Um legista hesitou, mas um olhar dos meus homens foi suficiente. A bolsa de zíper foi aberta.

O que havia dentro não era um homem. Era uma coisa. Uma estátua de carvão e carne retorcida. O rosto era irreconhecível, os membros contraídos numa posição fetal de agonia suprema. O cheiro era indescritível. Um cheiro que eu nunca esqueceria.

Uma onda de náusea e dor tão avassaladora me atingiu que eu quase desmaiei ali mesmo. Meu filho, um garoto arrogante e estúpido, mas mesmo assim meu filho. Reduzido àquilo. Aquela massa negra e horrível.

A raiva voltou, cem vezes pior. Uma fúria cega, incontrolável. Precisava de um culpado. Precisava de um rosto para aquela dor que estava sentindo. E o único rosto por perto era o dela.

Virei-me, meus olhos procurando Paula. Ela havia saído do carro, ficando parada a alguns metros, observando a cena com horror. Seu vestido de noiva era um insulto grotesco naquele cenário de morte.

Avancei em direção a ela. Ela tentou recuar, mas meus homens a cercaram. Agarrei-a pelo braço com uma força desumana, arrastando-a através da terra suja, ignorando seus gritos de protesto.

— Olhe! — gritei, arremessando-a de joelhos ao lado do saco negro. Sua mão entrou no saco preto e acabou tocando no peito que um dia foi músculo e agora era só um torrão chamuscado.

Ela tocou o tecido ensanguentado e gritou, um som de puro terror.

— OLHE PARA O QUE O SEU PAI FEZ! OLHE PARA O SEU NOIVO, SUA MALDITA ASSASSINA!

Ela estava tremendo incontrolavelmente, seu rosto enterrado nas mãos, seu corpo convulsionando em soluços. A visão era grotesca, a noiva de branco, ajoelhada na sujeira, ao lado dos restos carbonizados do noivo, com o novo marido gritando acusações de assassinato.

Os policiais olhavam em choque. Meus homens estavam tensos, prontos para qualquer coisa. O mundo parou para assistir à minha loucura.

Paula levantou o rosto, suas feições distorcidas pela dor e pelo nojo. As lágrimas haviam limpado caminhos limpos em seu rosto sujo de terra e lágrimas.

— Eu não fiz isso — ela chorou, sua voz um fio de esperança no meio do desespero. — Por favor… eu não fiz isso.

Mas eu já não a ouvia. A dor era grande demais. A raiva era tudo que me restava. Apontei para ela, para o corpo, para o mundo.

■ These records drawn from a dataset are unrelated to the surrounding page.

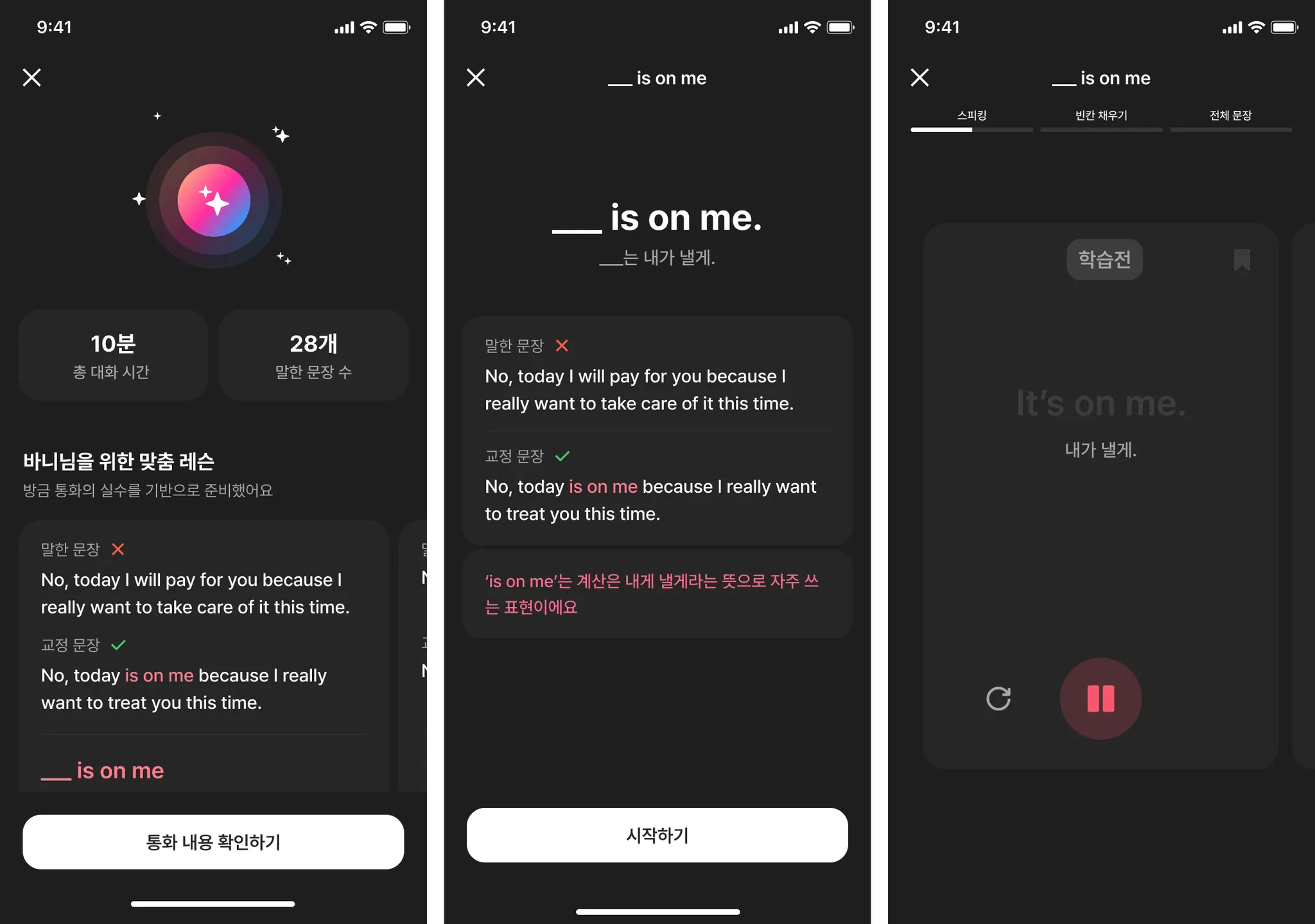 문장을 직접 말하고, 원어민 발음을 다시 들을 수 있어요.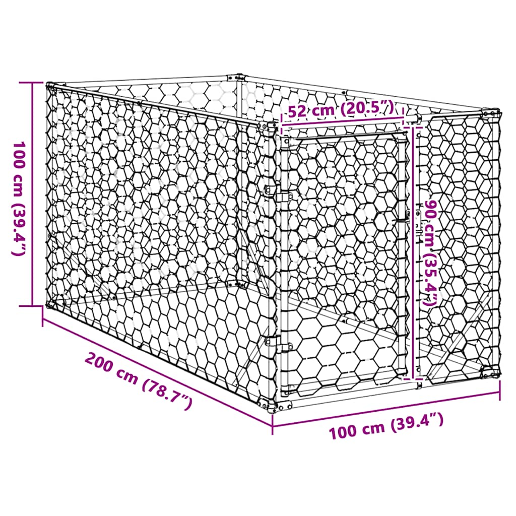 Canisa de exterior pentru caini cu usa 2x1x1 m otel galvanizat GartenMobel Dekor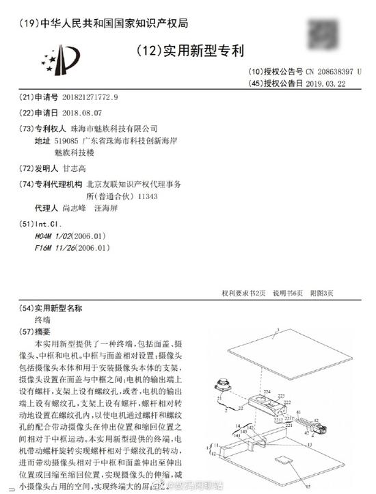 根据最新的中国知识产权局公布的专利申请书,珠海市魅族科技有限公司已经申请了实用新型专利,通过描述和图示是设备上的升降摄像头专利。据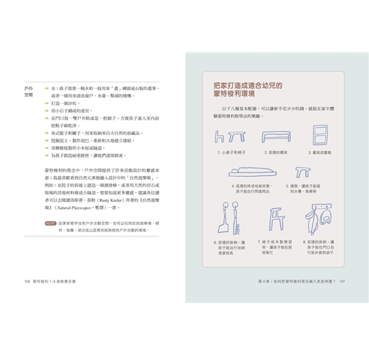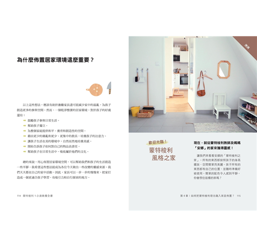 2. 教你從0開始打造蒙特梭利之家,包含客廳、廚房、臥室、浴室、書房等的蒙特梭利式空間佈置訣竅。

— ELA É UMA CACCINI! — gritei, minha voz se perdendo no vento que soprava do mar. — O SANGUE DELES ESTÁ NISSO! EU OS DESTRUIREI! DESTRUIREI TODOS ELES!

E naquele momento, ajoelhada na lama ao lado do corpo do homem que deveria ser seu marido, Paula não me olhou com medo ou ódio. Ela me olhou com uma pena tão profunda, tão absoluta, que me cortou mais profundamente que qualquer lâmina.

Ela via que eu já estava destruído. E que a minha vingança seria a minha própria condenação.